Joss Whedon tried with "Buffy the Vampire Slayer," and as someone who was watching the show live at the time, the solutions seemed to work for the most part. Buffy (Sarah Michelle Gellar) and Willow (Alyson Hannigan) both ended up at UC Sunnydale; it made sense for Buffy (she had one or two other things to think about in high school beyond homework), while Willow wanted to stay for the magic around the Hellmouth. Meanwhile, Xander (Nicholas Brendon) got a local job (which is exactly what you'd expect him to do); Oz (Seth Green) was alarmed by the presence of a secret monster-hunting group and left to protect himself; and Anya, the vengeance demon (Emma Caulfield), gradually began a relationship with Xander. It was all fairly logical, story-wise, and didn't feel too out-there, at least for the "Buffy" universe.
It was definitely a challenge, however. In fact, when interviewed by IGN in 2003, Whedon indicated it was possibly the biggest challenge he had to manage during the show's run.
'We're going to 90210 college now?'
When asked about the biggest challenge of transitioning the Scooby gang out of high school, Joss Whedon replied:
"The biggest challenge was, how do you keep your high school gang together without saying, 'We're going to 90210 college now?' [You're] treading the line between the reality of the thing and the fact that you want to keep all your characters in the same place.

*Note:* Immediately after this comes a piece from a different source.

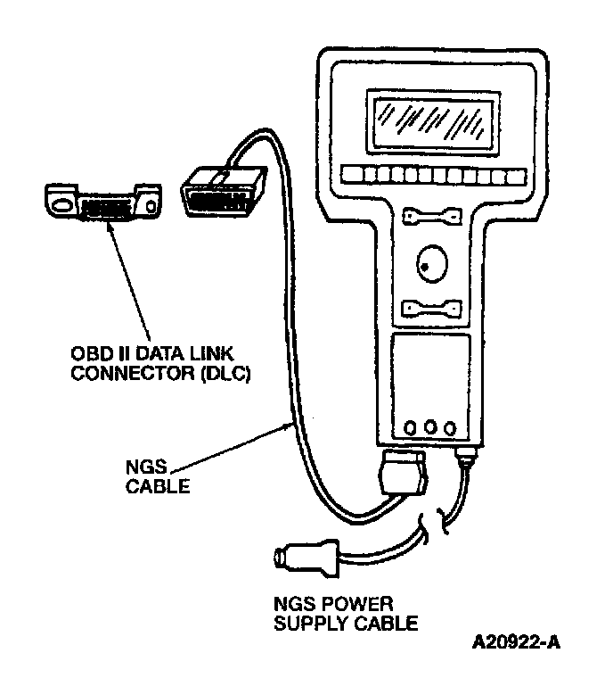 The NGS Tester or generic scan tool must be connected to the Data Link Connector (DLC) for communication with the vehicle.

"Ultimately, the season became about how fragmented they got and the fact that they didn't all stay in the same place. That was sort of how we dealt with it, but that was the trickiest part. And also, you know, creating a giant government super-soldier conspiracy on a television budget, where we had, like, a wall and a shrub. Ooooh, it's James Bond with his wall and his shrub!"
Whedon is talking about the Initiative, a secret military operation that was headquartered under the campus of UC Sunnydale. It led to Buffy's romance with a certain piece of dry toast named Riley (Marc Blucas, who should not be blamed for this at all). I'm not going to lie; that felt very forced to me at the time, and I absolutely hated the military storyline. It took me out of the supernatural stuff, even though that's what they were hunting. I did love their ability to get Spike (James Marsters) into the Scooby gang, but the rest of the Initiative was sort of messy. That said, the shifting around of the major characters and the focus on their split was a good move. Adding in the fact that the spinoff "Angel" gave another destination for our heroes helped a lot as well.
"Buffy the Vampire Slayer" is currently streaming on Hulu.